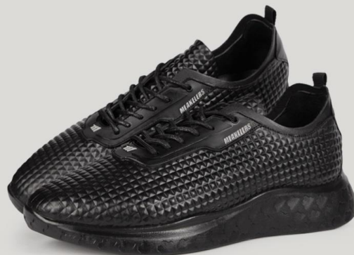
CODE : ME40000 Gender : Natural leather
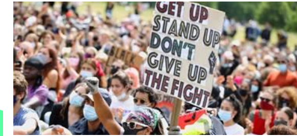
Devised - Protest Collaboration with Music and Art - Practical Performance/Written Evaluation
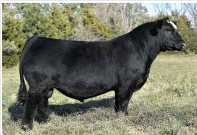
Lot 202A & 202B | W/C FORT KNOX 609F

W/C Fort Knox 609F topped the 2019 Werning Cattle Company bull sale commanding $180,000 to a progressive group of breeders from across North America. Fort Knox is an extremely unique three-quarter blood SimAngus bull with breed enhancing qualities. Pay attention here!
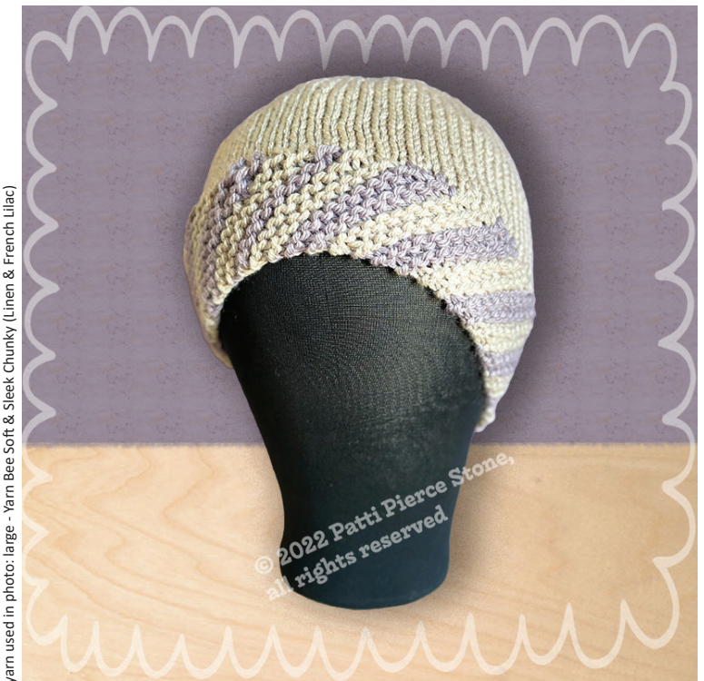
yarn used in photo: large - Yarn Bee Soft & Sleek Chunky (Linen & French Lilac)

Not a Kitchener fan? Use a third needle and join the two ends with a 3-needle bind off from the wrong side.
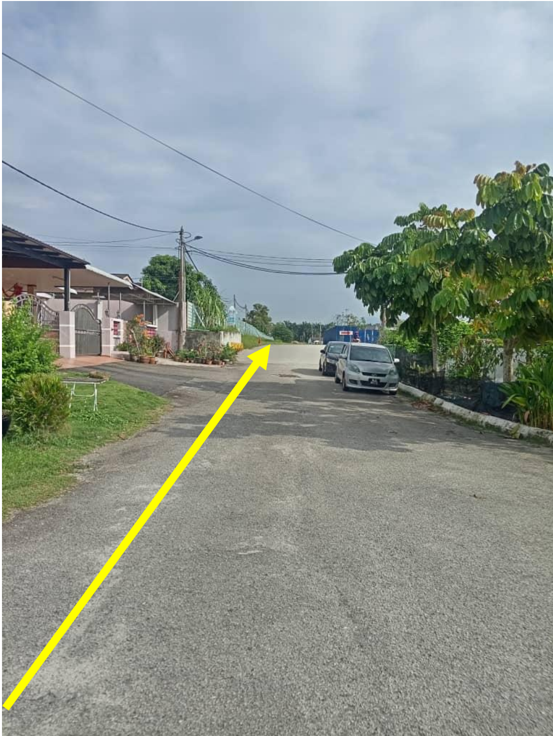
Road cutting for LAP works Proposed open cut (Persiaran Permata)
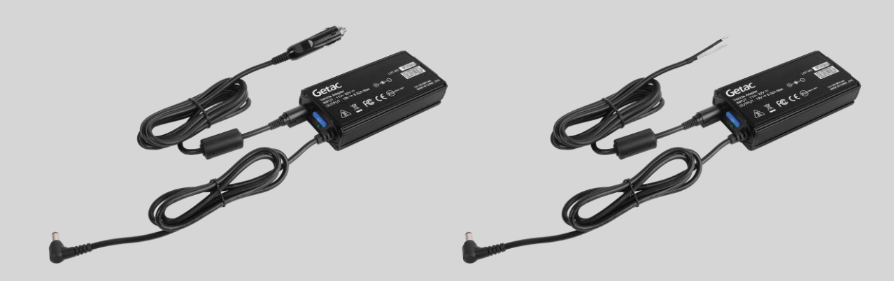
Cigarette Lighter Plug Version

(Cigarette Lighter Plug Version) GAD2X8 (Bare Wire Version)
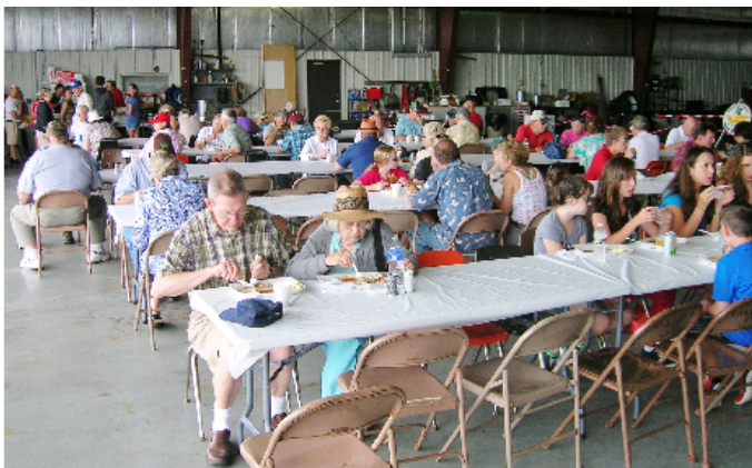
Lots of happy people eating lots of pork chops and hot dogs.

The low ceilings that hung around until after noon kept the number of fly-in aircraft to a minimum, but the drive-in traffic was steady throughout so we still had a successful day. Though we changed from our typical September Sunday date to this August Saturday (to coincide with the Maple Lake Gear-Head Get Together), there were still many familiar faces and airplanes in the crowd. Thanks to all the chapter members, families and friends that pulled together to make this another great event!
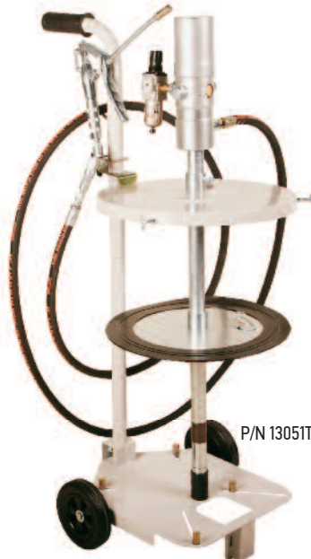
P/N 13051T-S4 shown

Same as 13051T-S4 except with flex spout control valve P/N 12070TZ.
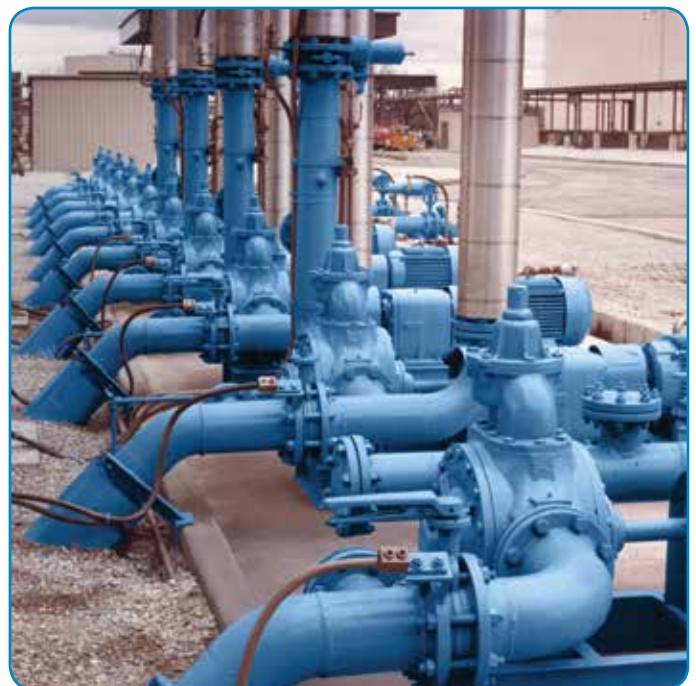
Blackmer® Sliding Vane Pumps stand ready to meet the needs of the rapidly growing Oil & Gas industry in the United States.

All of these characteristics help make sliding vane pumps the technology of choice in critical oil and refined-fuel applications, from the wellhead where the oil and gas exit the ground to the transport truck that makes a retail-fuel delivery.
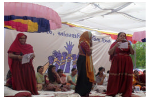
International Women's Day Celebration— Okhamandal

The objective of the program was to demonstrate the spirit of women and womanhood. They showcased their success of establishing self-help groups, supporting their families finan-
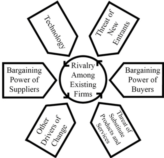
Figure 2: Value Chain for Plants, Animals, and their Products

Figure 2 provides a pictorial summary of the modified Five Forces framework. This framework was used by each of the authors of the articles for this theme to analyze the challenges, opportunities and changes for the various stages of the agribusiness value chain.
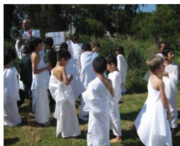
At the Jamarat
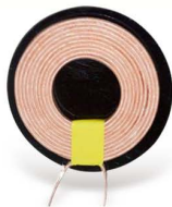
Wireless charging coil
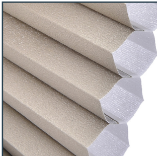
Silver Mink 3000mm ○ 25mm
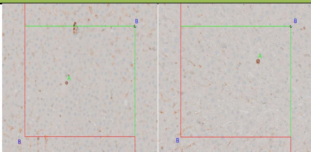
Supplementary Fig. 3: Stereological counting rules.

To the left a STD animal euthanised two days after hepatectomy. To the right a HFCD animal euthanised two
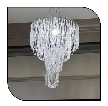
LARGE BEADED CHANDELIER - $75

Choice of White, Baby Blue, Blush, Emerald, Gold, Burgandy, Lavendar drapes
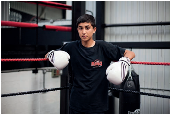
Young boy, white boxing gloves, 2010
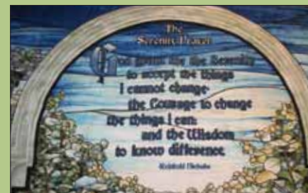
Serenity quilt hanging in the Medical Services Building was hand-stitched by volunteers.
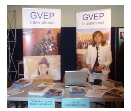
Global Village Energy Partnership
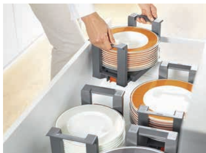
Blum plate holder
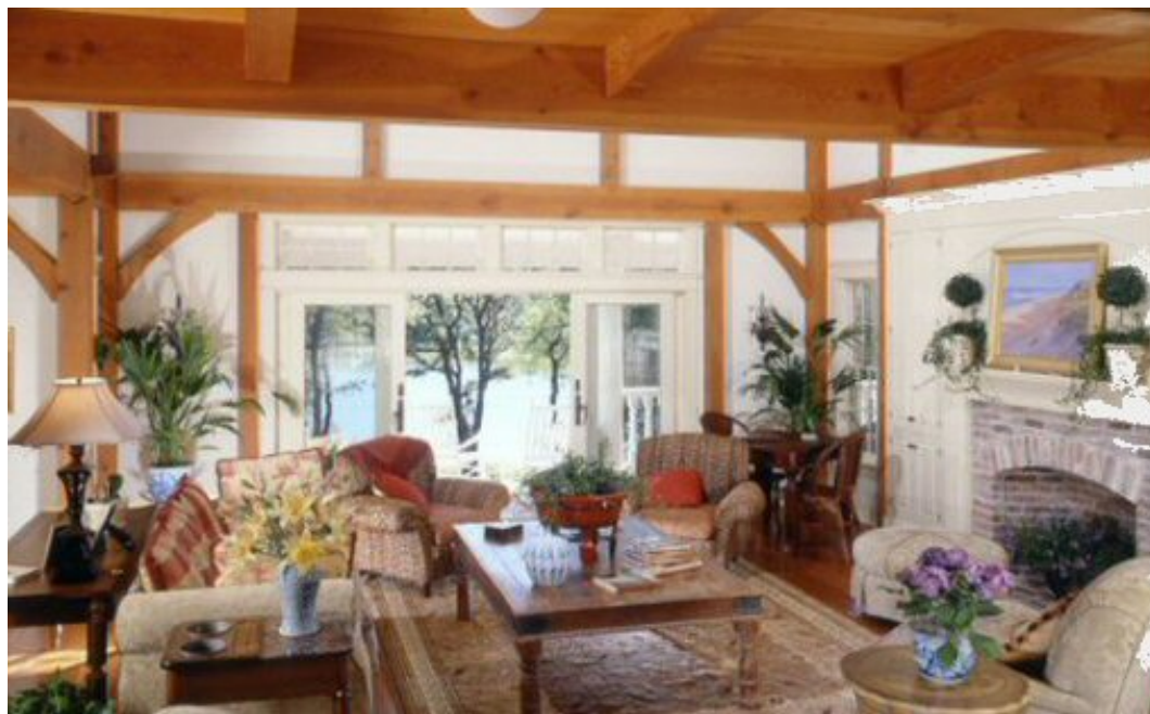
LEFT: Reds, oranges, and golds circulate warmth through the living areas. The H. Randle painting over the living room fireplace depicts Nauset Beach, where Ken proposed to Mel.

Before they could accommodate their growing family, however, they had to find the right lot in Orleans. The couple came close to buying a piece of land they had fallen in love with off Skaket Beach, located on the bay side. With vast exposed sand flats at low tide—a place where children might play in sun-warmed pools for hours—the property seemed perfect.
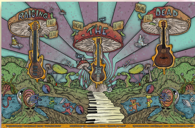
New Year's Eve Run 2023 Poster by @beepboopbopart
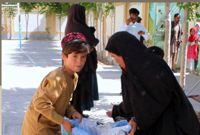
Education for widows ...

Hundreds of deaf people Uzbekistan can also enjoy food, winter clothing and firewood.
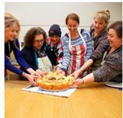
Yarraville Community Centre's winning photo in the NHVIC Photo Competition
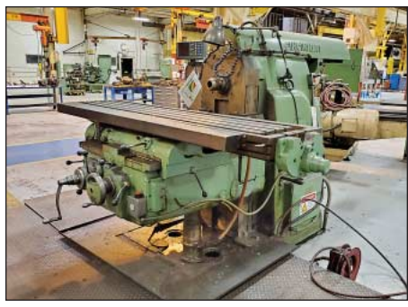
Huge Quantity Toolroom Machinery
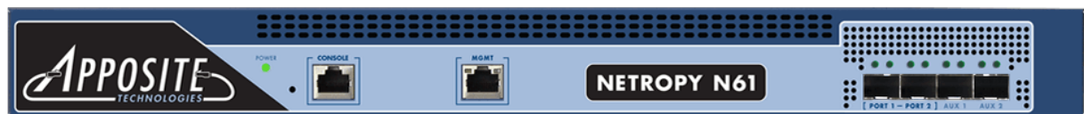
Optional SFP Interface Version

The front panel of the Netropy N61 contains:
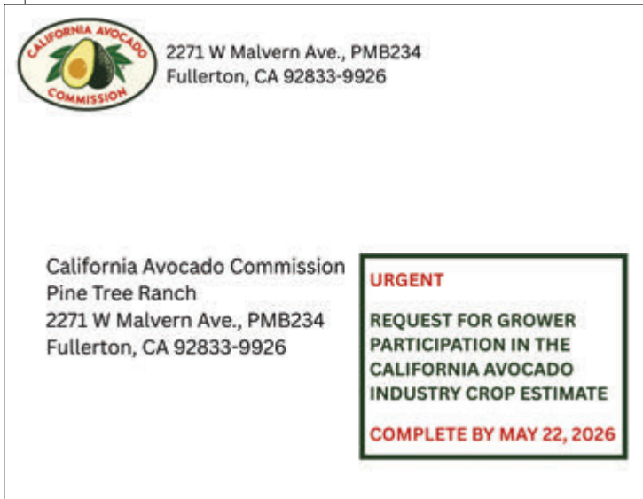
Front of Postcard.
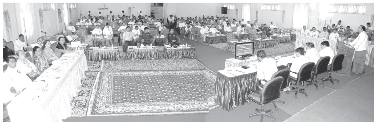
Workshop on promotion of transport services supporting economic progress being held in Nay Pyi Taw. — MNA

The second day session of the workshop ended with concluding remarks by Minister Maj-Gen Thein Swe. — MNA
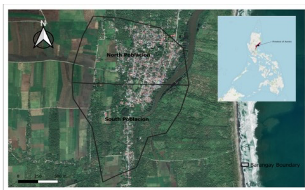
Figure 2. Location map of the study site in Dipaculao, Province of Aurora in the Philippines
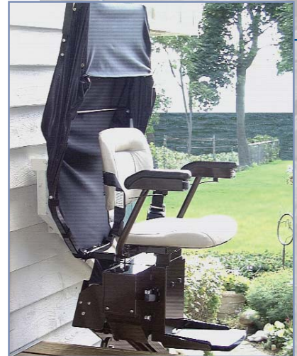
OUTDOOR ELECTRA-RIDE™ Model SRE-2000E

The only 400 lb. capacity outdoor stairlift... an INDUSTRY EXCLUSIVE!
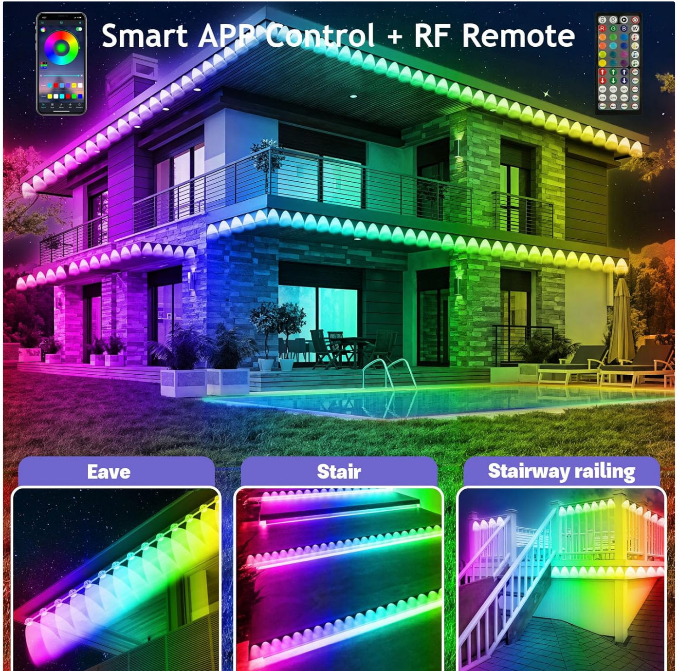
Image: Examples of installation locations including eaves, stairs, and stairway railings, demonstrating the versatility of the lights.

Before installation, plan the layout of your lights. Consider the length of the light string (500FT) and the areas you wish to illuminate, such as eaves, stairs, or deck railings. Ensure the chosen surface is clean, dry, and suitable for mounting.
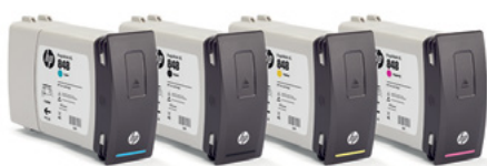
8 HP PageWide XL ink cartridges (2 x 400-ml per color with auto-switch)

The HP PageWide XL 5000 Printer series includes a stationary 40-inch (101.6-cm) printbar that spans the whole printing width. As paper moves under the printbar, the entire page is printed in one pass, enabling very high printing speeds.

Brief: Where in the entries does the word "Cigarette" occur? Copy out each line that has it.

Response:
Cigarette Lighter Plug Version
(Cigarette Lighter Plug Version) GAD2X8 (Bare Wire Version)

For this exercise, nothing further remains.